Quando un uomo si aggrappa all’aritmetica, in ambito sportivo e più prettamente calcistico, vuol dire che o è finita o, concretamente, manca davvero pochissimo.
“Fin quando non ci condanna l’aritmetica daremo il massimo per provare a raggiungere l’obiettivo”. Lo hanno detto sempre i protagonisti di percorsi sportivi finiti male, quasi a voler imputare, in maniera inconscia e silenziosa, le proprie debolezze a dei numeri messi in fila, mentre la condanna più sostanziale va ricercata nei propri sbagli.
“Fin quando non ci condanna l’aritmetica”. “Fin quando non ci condanna l’aritmetica”. “Fin quando non ci condanna l’aritmetica”. È capitato anche alla Reggina dopo la sconfitta col Latina. E sono frasi fuggite a uomini che sanno di aver perso la retta via, dopo un lavoro rigenerante che nessuno si poteva aspettare, e di cui va dato comunque atto anche se gli annali riporteranno quella del Centenario come la più grande sconfitta che, a memoria di elefante, si possa ricordare. Ma la rimonta, che in mezzo a tanto scoramento è stata a tratti anche esaltante, ha finito col riflettere in maniera indiscutibile la sintesi della stagione amaranto. Quella dell’illusione sgretolatasi in mille coriandoli di disincanto già dopo poche settimane.
Sì, perché le vittorie contro Bari, Lanciano, poi Carpi, avevano fatto ricredere tutti, o quasi, sui giudizi dati, forse in maniera troppo frettolosa, ad una squadra che a gennaio in tanti avrebbero volentieri disintegrato col mercato di riparazione.

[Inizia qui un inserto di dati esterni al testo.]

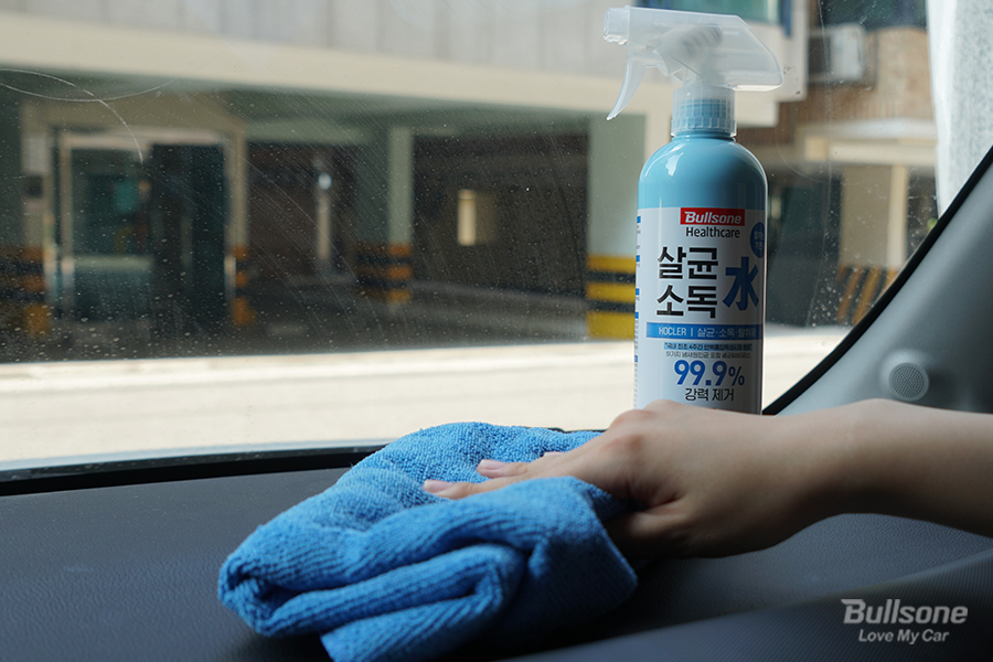 휴가철 타지역에 방문했다면 방역은 필수겠죠? 차에 보이는 먼지뿐만 아니라 보이지 않는 각종 세균과 바이러스에 노출되지 않도록 전용 소독제를 사용하여 실내 소독관리도 해줘야 합니다. 불스원 살균소독수는 대장균, 황색포도상구균, 폐렴균 등 51종의 유해 세균 및 바이러스 제거뿐만 아니라, 고려대학교 의료원 산학협력단에서 진행한 '코로나19 바이러스 제거' 실험에서 효과가 입증되었으며, 다양한 재질의 내장재를 손상 없이 편리하게 세정하는 제품입니다. 차량에 손이 많이 닿는 핸들이나 기어봉 등에 골고루 분사한 후 마른 천이나 수건으로 구석구석 닦아 주세요.
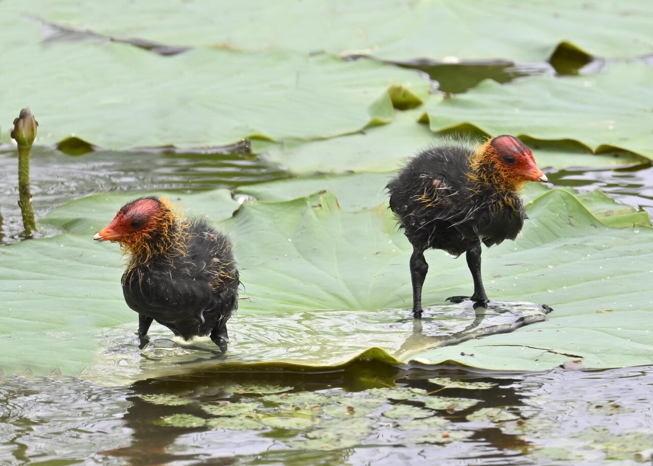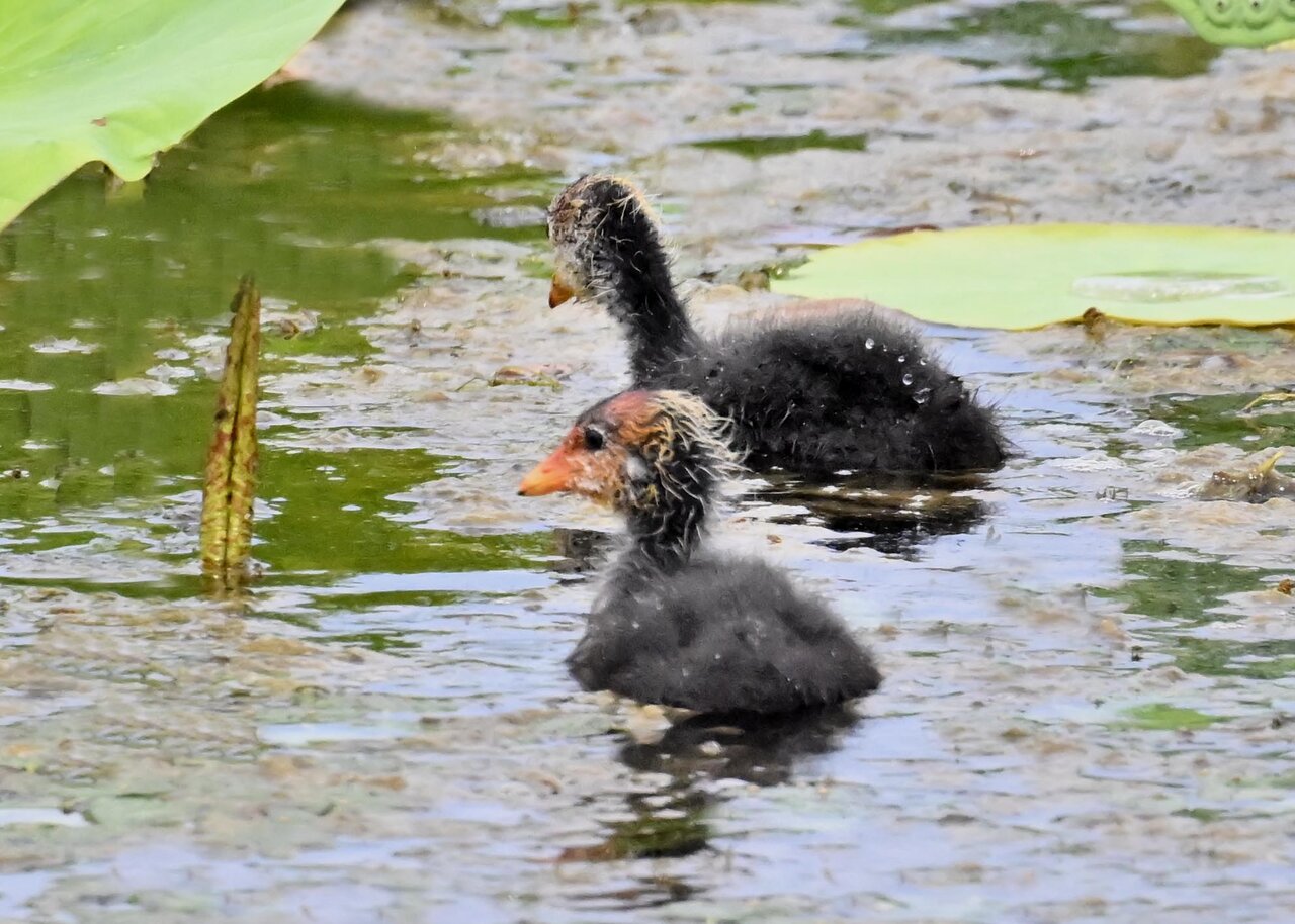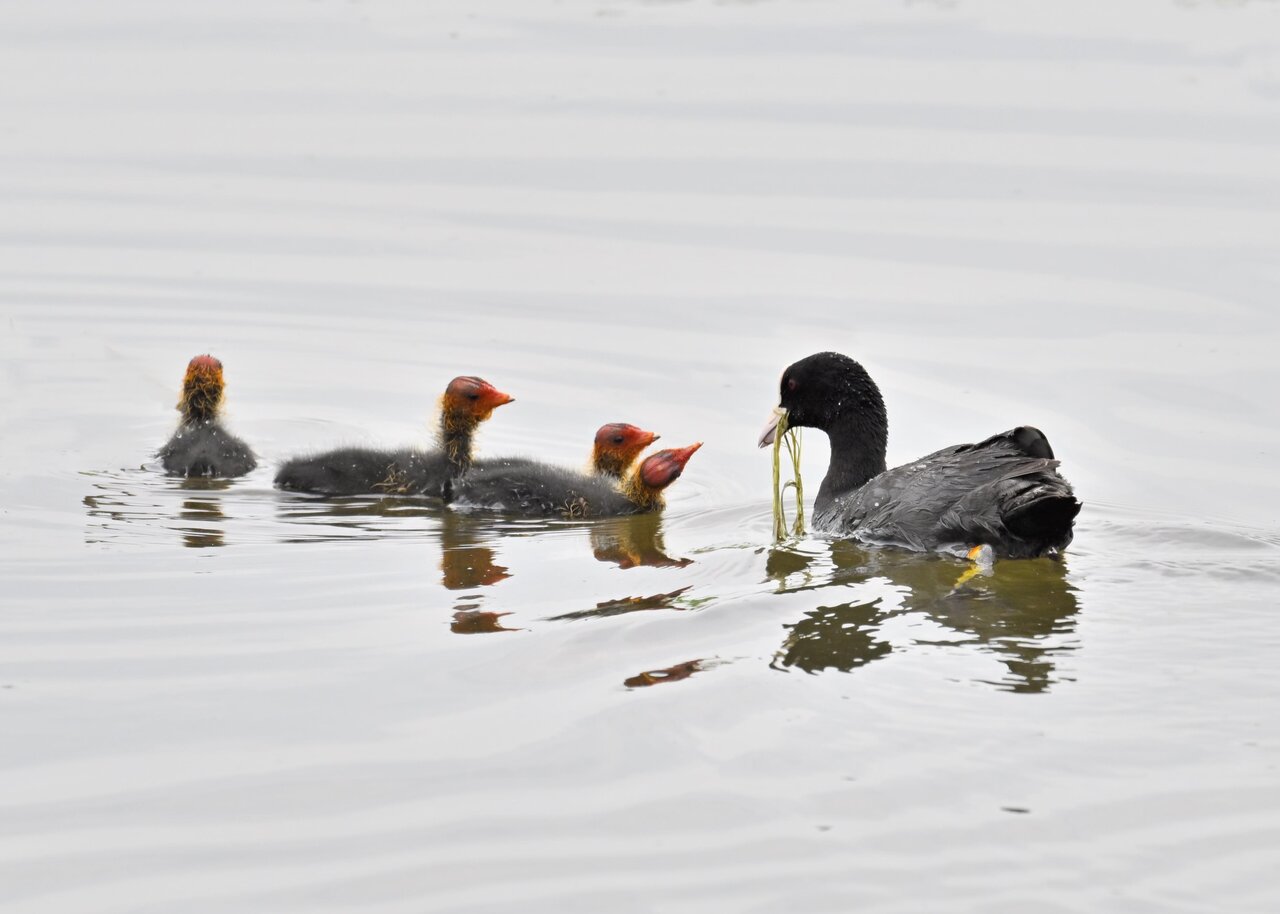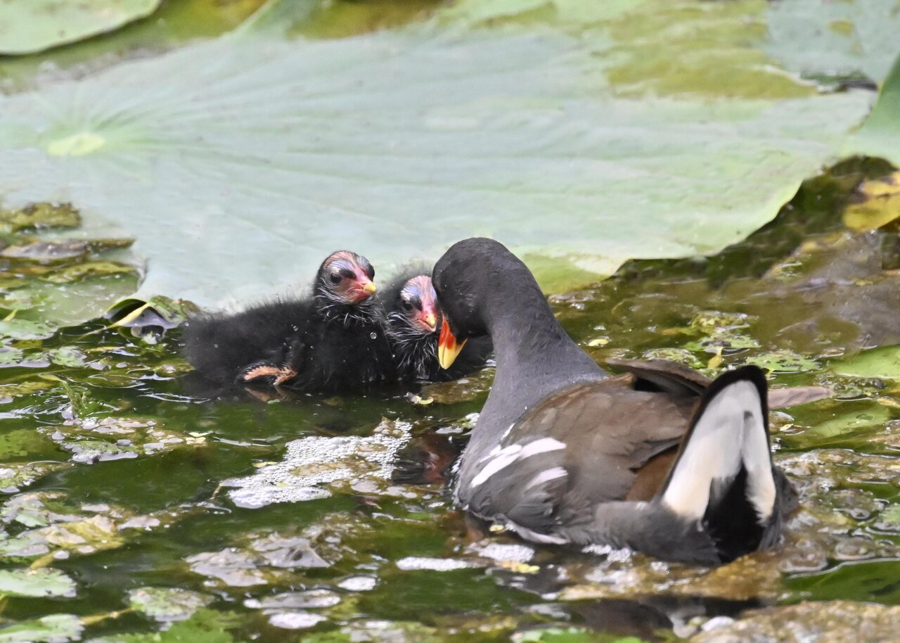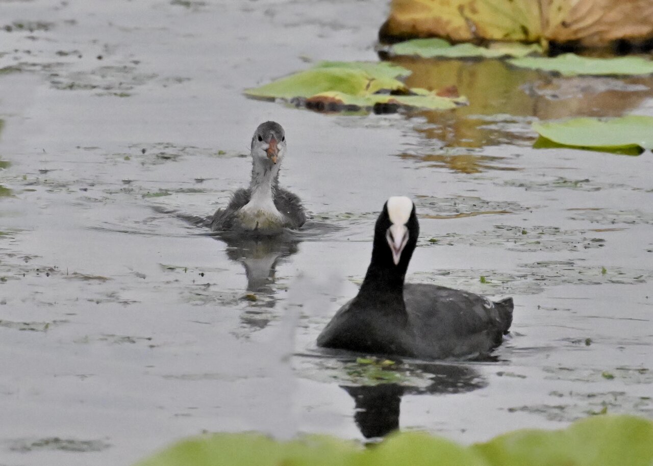今日は昨日に続き、バンを掲載しています。巣立ちヒナはまだ自力で十分な餌が捕れないので親鳥に付き纏い餌をもらっています。

Ma, in maniera altrettanto frettolosa, si è pensato che i mali evidenziati in un girone potessero essere stati archiviati in poche settimane. Non è stato così e, anche se “la matematica non ci condanna”, la fine si fa tangibile da ieri pomeriggio.
Non ce ne voglia Gagliardi che è un combattente e sicuramente sarà l’ultimo ad arrendersi, ma l’orizzonte della Reggina non sembra essere la partita di Padova, bensì un obiettivo più lontano che va oltre il raggiungimento dei play-out e sfocia, inesorabilmente, nel futuro a lungo termine del club. Le possibilità di salvarsi quest’anno sono ridotte al lumicino: un punto di penalizzazione, probabilmente, potrebbe allontanare gli amaranto in maniera ancora più evidente dalle concorrenti. Il campionato può riservare colpi di coda, ma ad ora le uniche sorprese (?) paiono essere negative. Del deferimento si parla da settimane, ma al di là di quello che può succedere, la Reggina di oggi appare un club soffocato, dalla crisi e dalla cattiva gestione degli ultimi anni.
Lo scenario, poi, si completa in un atmosfera di apatia collettiva. La tifoseria forse non si rappresenta più in Foti, ma, comunque, l’ex presidente, è stato lasciato solo anche dalla sua gente. È un capitolo a parte ed è impensabile poterlo esemplificare in poche righe, perché è più ampio. La Reggina in difficoltà è la maschera triste di Pierrot, e dietro c’è il panorama “psicosociale” di una città completamente distaccata che, oggi, è vicina ai propri rappresentanti sportivi solo nei momenti di felicità, ed è pronta a criticare tutto e tutti in frangenti come questo. Legittimo, assolutamente: giusto, interpretandola per certi versi. A Bari, però, c’è un club con difficoltà simili a quelle della Reggina, ma un moto d’orgoglio ha colorato i gradoni del San Nicola di biancorosso. Contro Crotone e Latina il Granillo, invece, ha lasciato buchi quasi terrificanti, a fronte di appelli ripetuti da tutti. Il momento della Reggina, già di per se difficile, si è fatto tragico. Ma nessuno può sentirsi escluso. Se fine sarà (e fine non vuol dire solo retrocessione), la colpa sarà di tutti. Perché vincere insieme è facile. Perdere, evidentemente, no.